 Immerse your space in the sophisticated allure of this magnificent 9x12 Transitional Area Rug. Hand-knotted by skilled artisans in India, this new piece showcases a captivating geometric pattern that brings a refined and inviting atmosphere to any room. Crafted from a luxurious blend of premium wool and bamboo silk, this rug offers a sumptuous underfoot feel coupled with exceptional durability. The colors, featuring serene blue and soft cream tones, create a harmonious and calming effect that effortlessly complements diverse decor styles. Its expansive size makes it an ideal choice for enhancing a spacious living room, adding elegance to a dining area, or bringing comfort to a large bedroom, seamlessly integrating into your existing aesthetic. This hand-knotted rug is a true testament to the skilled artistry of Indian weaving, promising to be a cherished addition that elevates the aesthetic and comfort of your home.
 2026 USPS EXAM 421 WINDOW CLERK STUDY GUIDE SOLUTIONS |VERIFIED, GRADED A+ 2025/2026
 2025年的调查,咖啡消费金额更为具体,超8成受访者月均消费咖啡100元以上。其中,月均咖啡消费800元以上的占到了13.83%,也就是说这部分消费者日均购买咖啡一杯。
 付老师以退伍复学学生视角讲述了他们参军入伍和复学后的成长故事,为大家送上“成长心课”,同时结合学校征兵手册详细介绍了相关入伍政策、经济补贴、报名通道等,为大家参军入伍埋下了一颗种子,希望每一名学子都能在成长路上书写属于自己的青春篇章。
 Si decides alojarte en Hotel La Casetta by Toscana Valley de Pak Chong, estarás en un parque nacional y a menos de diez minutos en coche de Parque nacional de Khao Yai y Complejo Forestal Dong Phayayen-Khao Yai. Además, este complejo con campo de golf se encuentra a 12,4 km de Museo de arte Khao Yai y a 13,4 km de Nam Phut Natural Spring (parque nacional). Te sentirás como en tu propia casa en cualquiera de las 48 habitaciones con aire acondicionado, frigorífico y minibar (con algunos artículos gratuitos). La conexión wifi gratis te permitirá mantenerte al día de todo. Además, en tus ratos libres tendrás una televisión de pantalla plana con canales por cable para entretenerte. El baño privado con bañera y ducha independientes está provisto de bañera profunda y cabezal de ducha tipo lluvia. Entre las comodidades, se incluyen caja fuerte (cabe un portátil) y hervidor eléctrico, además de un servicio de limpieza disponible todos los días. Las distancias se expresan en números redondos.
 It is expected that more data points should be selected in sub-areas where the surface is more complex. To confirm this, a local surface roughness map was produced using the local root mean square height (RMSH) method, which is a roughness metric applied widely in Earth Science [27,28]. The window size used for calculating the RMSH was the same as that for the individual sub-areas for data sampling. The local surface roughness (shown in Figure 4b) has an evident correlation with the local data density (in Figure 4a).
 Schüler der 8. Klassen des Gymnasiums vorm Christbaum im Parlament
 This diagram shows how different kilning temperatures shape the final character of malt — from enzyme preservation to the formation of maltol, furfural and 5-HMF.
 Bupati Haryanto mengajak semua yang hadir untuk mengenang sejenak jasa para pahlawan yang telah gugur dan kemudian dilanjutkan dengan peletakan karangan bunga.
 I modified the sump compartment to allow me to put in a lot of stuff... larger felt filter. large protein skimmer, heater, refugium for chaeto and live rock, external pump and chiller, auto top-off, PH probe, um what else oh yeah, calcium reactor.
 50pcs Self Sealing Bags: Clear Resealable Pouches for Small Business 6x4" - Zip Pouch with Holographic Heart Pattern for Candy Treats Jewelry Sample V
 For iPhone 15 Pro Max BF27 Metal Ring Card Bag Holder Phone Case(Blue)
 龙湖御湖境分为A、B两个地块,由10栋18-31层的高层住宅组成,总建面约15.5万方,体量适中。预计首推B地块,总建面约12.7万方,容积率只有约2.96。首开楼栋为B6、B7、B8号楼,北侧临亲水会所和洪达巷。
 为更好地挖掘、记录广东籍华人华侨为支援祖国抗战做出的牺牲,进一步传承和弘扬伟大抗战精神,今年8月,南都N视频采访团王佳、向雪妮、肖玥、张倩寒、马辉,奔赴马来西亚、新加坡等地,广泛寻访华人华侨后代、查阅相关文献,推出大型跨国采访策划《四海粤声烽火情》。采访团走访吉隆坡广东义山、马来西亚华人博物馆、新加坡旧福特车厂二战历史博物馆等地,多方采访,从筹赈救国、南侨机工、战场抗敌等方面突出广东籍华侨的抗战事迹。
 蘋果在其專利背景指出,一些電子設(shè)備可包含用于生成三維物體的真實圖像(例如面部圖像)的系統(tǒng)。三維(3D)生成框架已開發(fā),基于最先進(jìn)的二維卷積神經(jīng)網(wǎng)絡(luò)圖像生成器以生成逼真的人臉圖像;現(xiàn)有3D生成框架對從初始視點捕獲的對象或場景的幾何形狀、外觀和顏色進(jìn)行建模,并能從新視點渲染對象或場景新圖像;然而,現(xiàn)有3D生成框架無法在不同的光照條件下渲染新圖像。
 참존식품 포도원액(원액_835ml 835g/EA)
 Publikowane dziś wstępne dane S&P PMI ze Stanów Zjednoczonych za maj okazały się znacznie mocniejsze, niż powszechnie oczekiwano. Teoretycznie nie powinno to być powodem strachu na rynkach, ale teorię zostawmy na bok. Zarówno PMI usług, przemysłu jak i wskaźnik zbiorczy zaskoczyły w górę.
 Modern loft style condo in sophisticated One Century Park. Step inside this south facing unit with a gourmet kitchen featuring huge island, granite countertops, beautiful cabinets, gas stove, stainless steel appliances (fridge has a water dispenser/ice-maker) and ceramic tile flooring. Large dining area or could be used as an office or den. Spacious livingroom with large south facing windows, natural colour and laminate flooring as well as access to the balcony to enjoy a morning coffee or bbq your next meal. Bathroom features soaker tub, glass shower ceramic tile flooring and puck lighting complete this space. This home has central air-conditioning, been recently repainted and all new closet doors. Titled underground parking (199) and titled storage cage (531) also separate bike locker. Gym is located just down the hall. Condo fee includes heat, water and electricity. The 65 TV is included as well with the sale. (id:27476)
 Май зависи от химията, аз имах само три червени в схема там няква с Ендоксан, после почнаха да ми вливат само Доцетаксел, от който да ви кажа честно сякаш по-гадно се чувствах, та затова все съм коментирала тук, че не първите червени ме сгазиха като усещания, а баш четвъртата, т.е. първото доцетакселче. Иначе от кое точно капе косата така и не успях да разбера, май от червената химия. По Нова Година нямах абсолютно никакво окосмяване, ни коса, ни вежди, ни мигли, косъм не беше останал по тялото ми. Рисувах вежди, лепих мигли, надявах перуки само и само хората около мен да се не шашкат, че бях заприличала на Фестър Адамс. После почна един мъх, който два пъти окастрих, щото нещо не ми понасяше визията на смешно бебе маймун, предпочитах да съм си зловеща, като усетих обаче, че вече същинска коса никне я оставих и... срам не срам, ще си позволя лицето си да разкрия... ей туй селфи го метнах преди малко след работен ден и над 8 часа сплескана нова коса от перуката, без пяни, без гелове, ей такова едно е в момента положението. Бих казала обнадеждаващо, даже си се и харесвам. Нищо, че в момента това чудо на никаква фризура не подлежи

# # # #

▶ **Task to carry out**
Write out exactly the lines that fall from the line with "付老师以退伍复学学生视角讲述" to the line with "Schüler der 8." in the records above, keeping both ends.

▶ **Exercise response**
 付老师以退伍复学学生视角讲述了他们参军入伍和复学后的成长故事,为大家送上“成长心课”,同时结合学校征兵手册详细介绍了相关入伍政策、经济补贴、报名通道等,为大家参军入伍埋下了一颗种子,希望每一名学子都能在成长路上书写属于自己的青春篇章。
 Si decides alojarte en Hotel La Casetta by Toscana Valley de Pak Chong, estarás en un parque nacional y a menos de diez minutos en coche de Parque nacional de Khao Yai y Complejo Forestal Dong Phayayen-Khao Yai. Además, este complejo con campo de golf se encuentra a 12,4 km de Museo de arte Khao Yai y a 13,4 km de Nam Phut Natural Spring (parque nacional). Te sentirás como en tu propia casa en cualquiera de las 48 habitaciones con aire acondicionado, frigorífico y minibar (con algunos artículos gratuitos). La conexión wifi gratis te permitirá mantenerte al día de todo. Además, en tus ratos libres tendrás una televisión de pantalla plana con canales por cable para entretenerte. El baño privado con bañera y ducha independientes está provisto de bañera profunda y cabezal de ducha tipo lluvia. Entre las comodidades, se incluyen caja fuerte (cabe un portátil) y hervidor eléctrico, además de un servicio de limpieza disponible todos los días. Las distancias se expresan en números redondos.
 It is expected that more data points should be selected in sub-areas where the surface is more complex. To confirm this, a local surface roughness map was produced using the local root mean square height (RMSH) method, which is a roughness metric applied widely in Earth Science [27,28]. The window size used for calculating the RMSH was the same as that for the individual sub-areas for data sampling. The local surface roughness (shown in Figure 4b) has an evident correlation with the local data density (in Figure 4a).
 Schüler der 8. Klassen des Gymnasiums vorm Christbaum im Parlament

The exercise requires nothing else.